Dalam pengungkapan tersebut petugas menangkap satu tersangka berinisial HN warga Pedurungan, pada Selasa 3 Juli 2018 lalu, saat melakukan transaksi penjualan obat kepada konsumen.

“Informasi awal diperoeh dari laporan masyarakat yang membeli obat melalui online dari instagram. Ternyata obat itu tidak memiliki izin dari BPOM,” ujar Dirreskrimsus Polda Jateng, Kombes Pol Moh Hendra Suhartiyono, saat konferensi pers di Ditreskrimsus Polda Jateng, Banyumanik, Semarang, Selasa (10/7).

Menurutnya, penggerebekan gudang kosmetik ilegal yang dipasarkan melalui jaringan internet itu, dibutuhkan waktu sekitar tiga bulan untuk mengintai gudang di kawasan Pedurungan.

Pengungkapan kasus itu, lanjutnya, bermula pada April 2018, saat Polisi mendapat informasi maraknya penjualan kosmetik dengan menggunakan media sosial Instagram di Jawa Tengah.

Kemudian Polisi melakukan patroli cyber dan menemukan beberapa akun Instagram penjual kosmetik dan parfum, yang tertakit satu sama lain.

“Penyelidik kemudian melakukan upaya penyelidikan dengan cara menyamar sebagai konsumen membeli kosmetik dan parfum.
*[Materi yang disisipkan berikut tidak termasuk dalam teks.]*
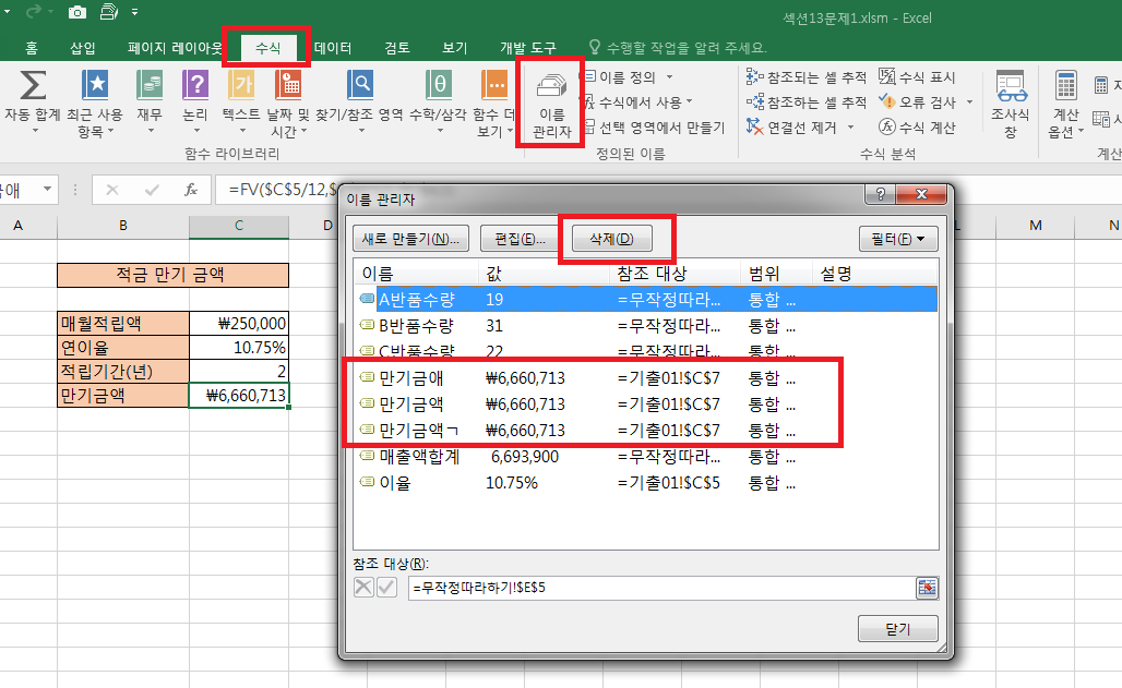 이미 지정된 만기금액 이름이 있기 때문에 지정이 안되는 것입니다.
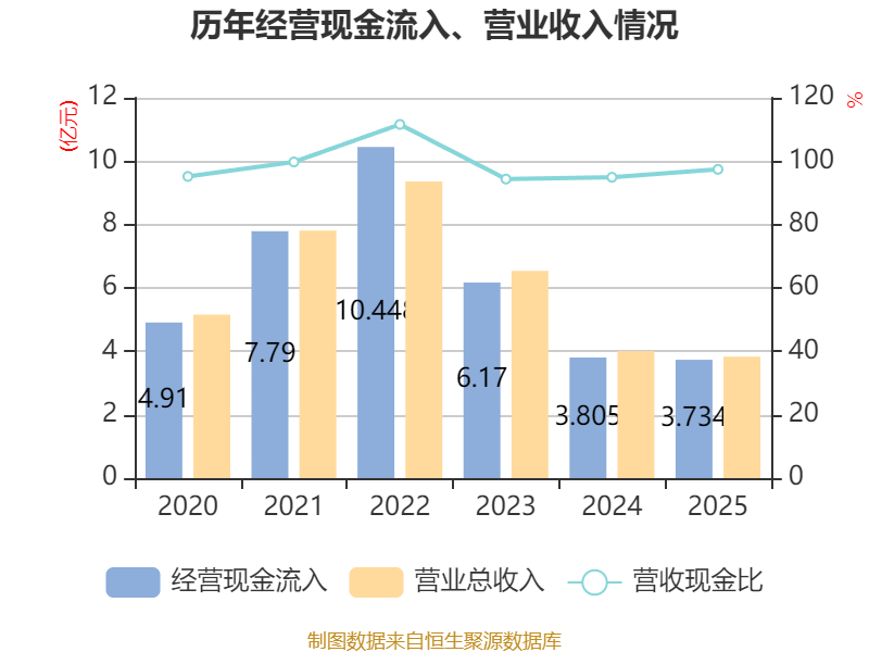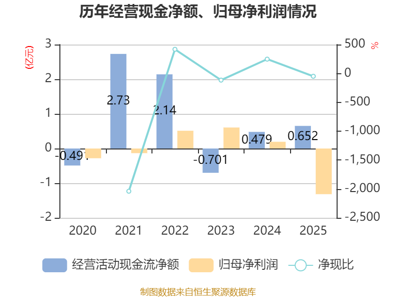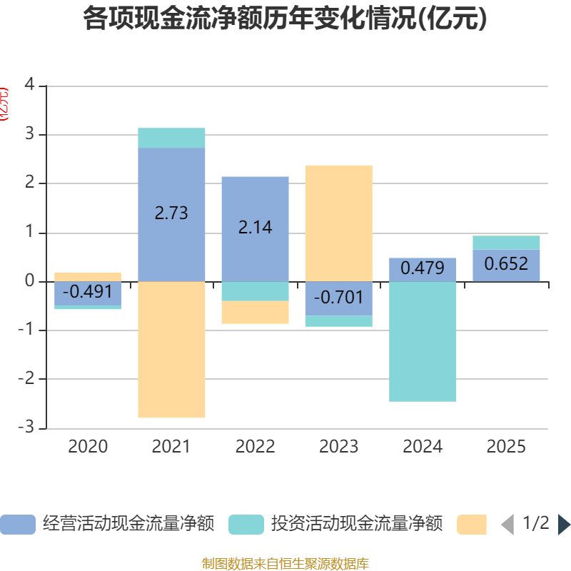 截至2025年,公司经营活动现金流净额为6518.39万元,同比增长36.03%;筹资活动现金流净额75.86万元,同比增加74万元;投资活动现金流净额2820.02万元,上年同期为-2.46亿元。
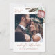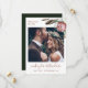 Chic boho floral wedding save the date features modern script typography and one photo with a dark green back.

Kemudian oleh akun Instagram tersebut diarahkan untuk menghubungi nomor telepon yang tercantum pada akun tersebut via Whatsapp. Setelah pemesanan, admin mengarahkan untuk pengembilan barang ke toko kosmetik tersebut,” tutur Hendra Suhartiyono.
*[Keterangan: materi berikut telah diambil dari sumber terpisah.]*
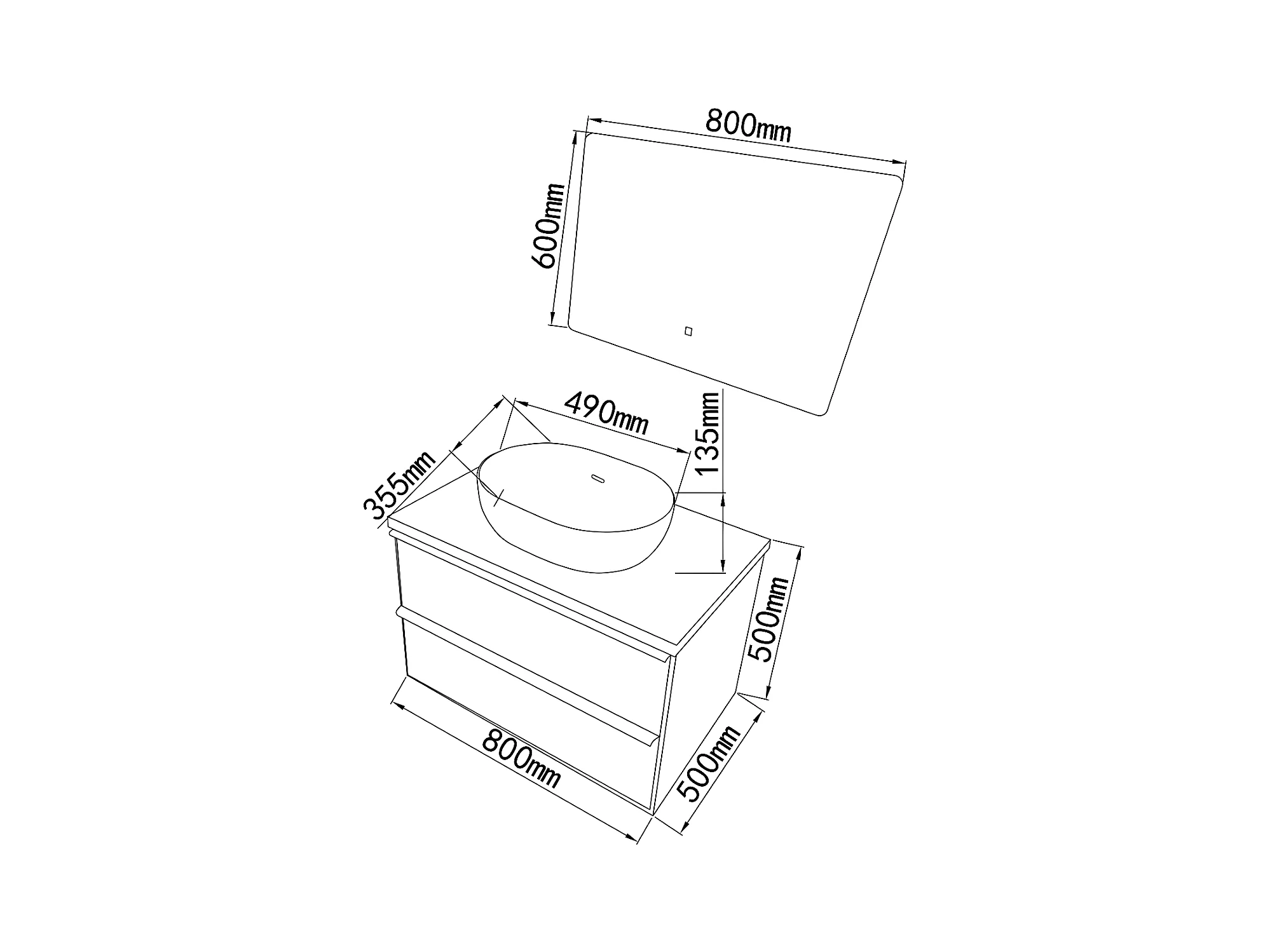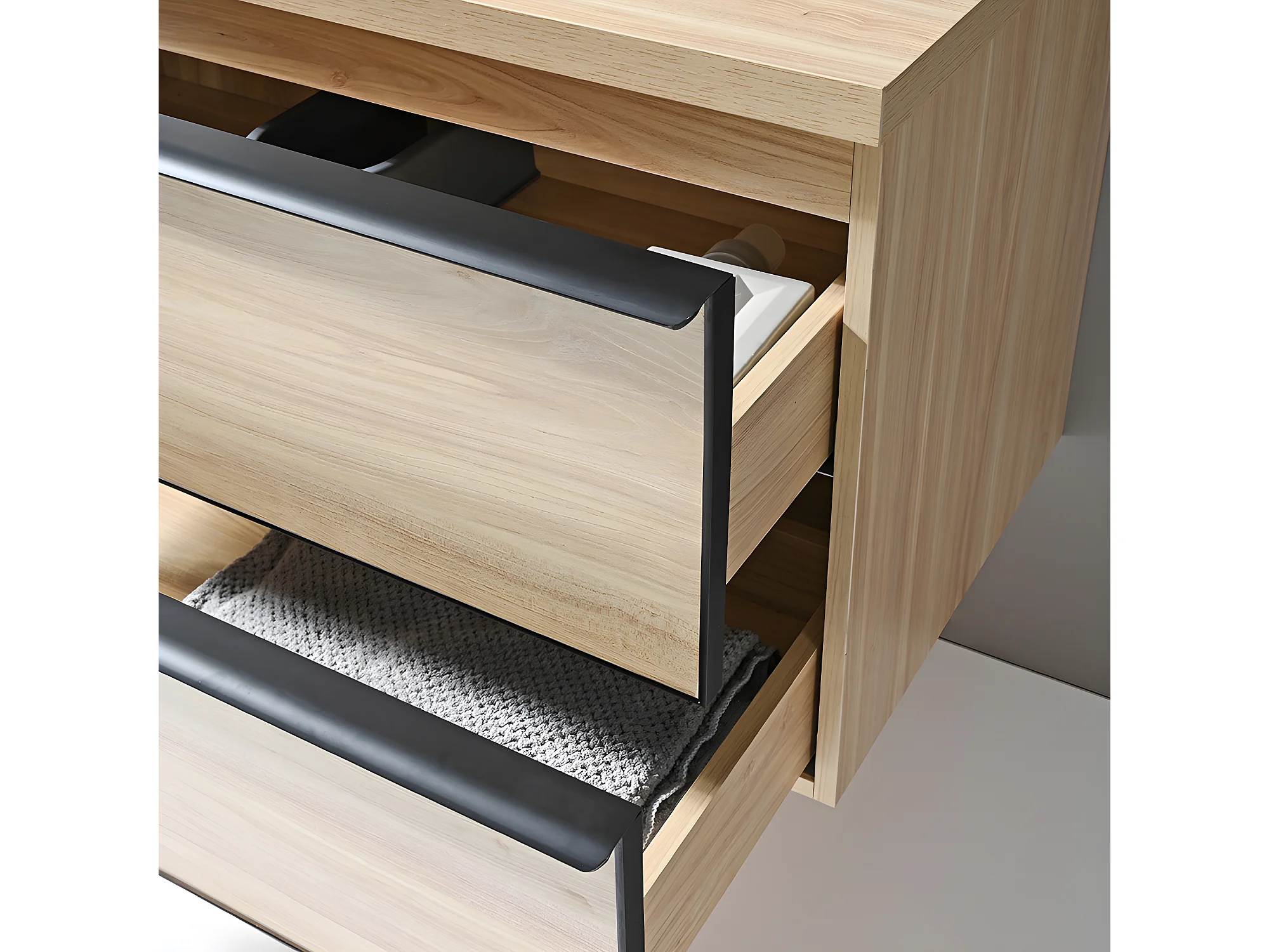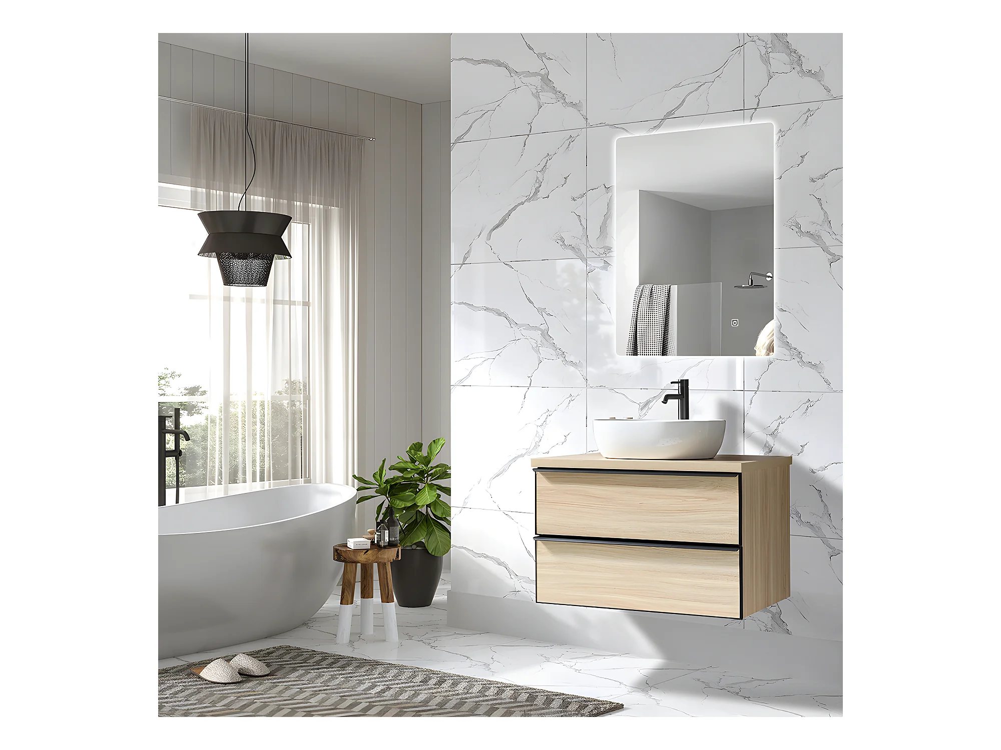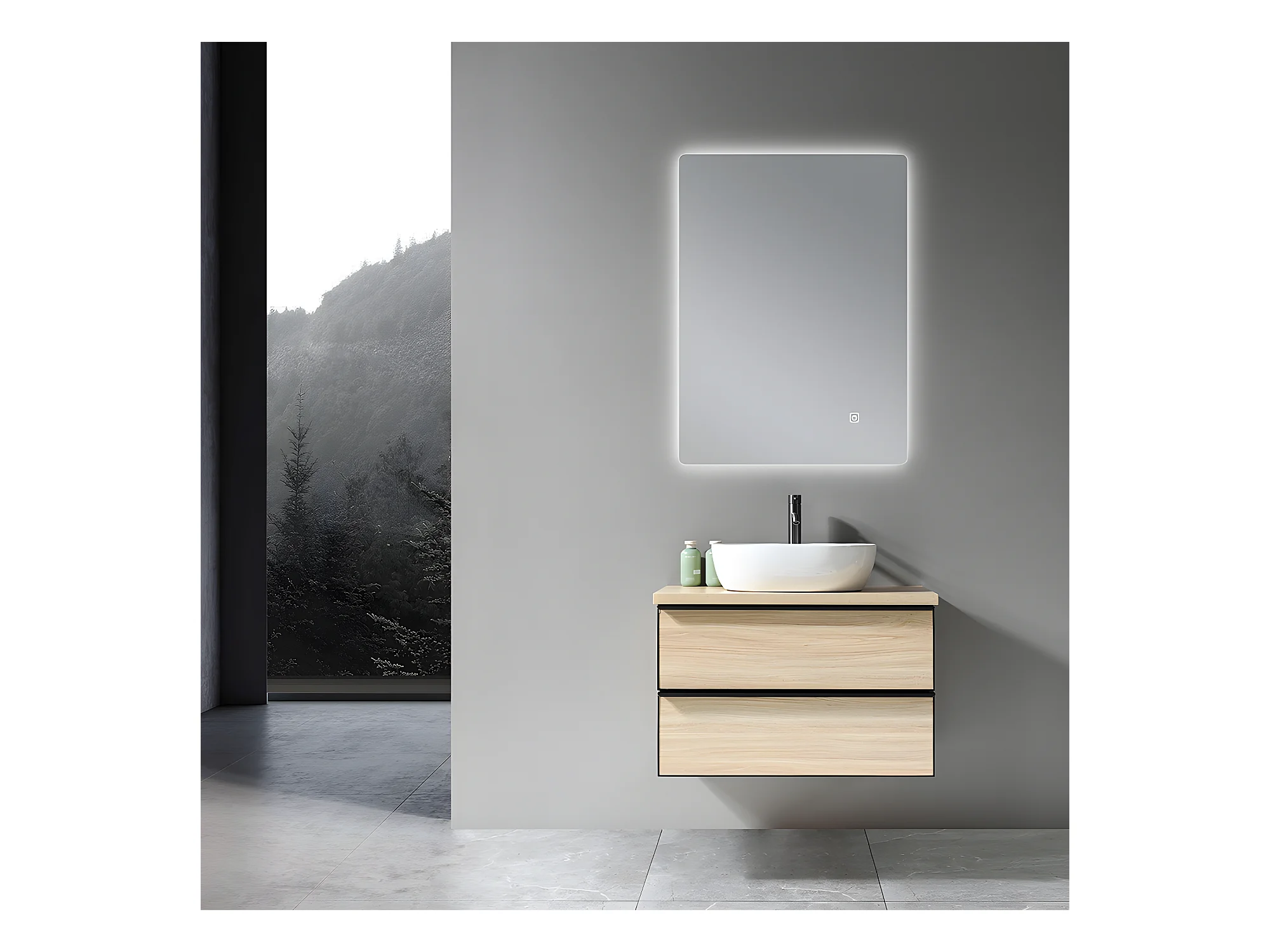 LuxuryBain - Meuble de salle de bain simple vasque 80cm chêne clair avec miroir led

Kepala Sub Direktorat Industri, Perdagangan, dan Investasi Ditreskrimsus Polda Jateng, AKBP Egy Adrian Suez menuturkan gudang kosmetik ilegal yang dibongkar itu, diduga menjual barang-barangnya bukan hanya ke perorangan, namun juga klinik.

“Setelah memeriksa tersangka mendapat keterangan bahwa pemesan adalah perorangan dan klinik,” ujarnya.

Tersangka berinisial HN, dia menambahkan yang sudah ditahan dan aktivitasnya memiliki omset mulai Rp200 juta hingga Rp300 juta setiap bulannya.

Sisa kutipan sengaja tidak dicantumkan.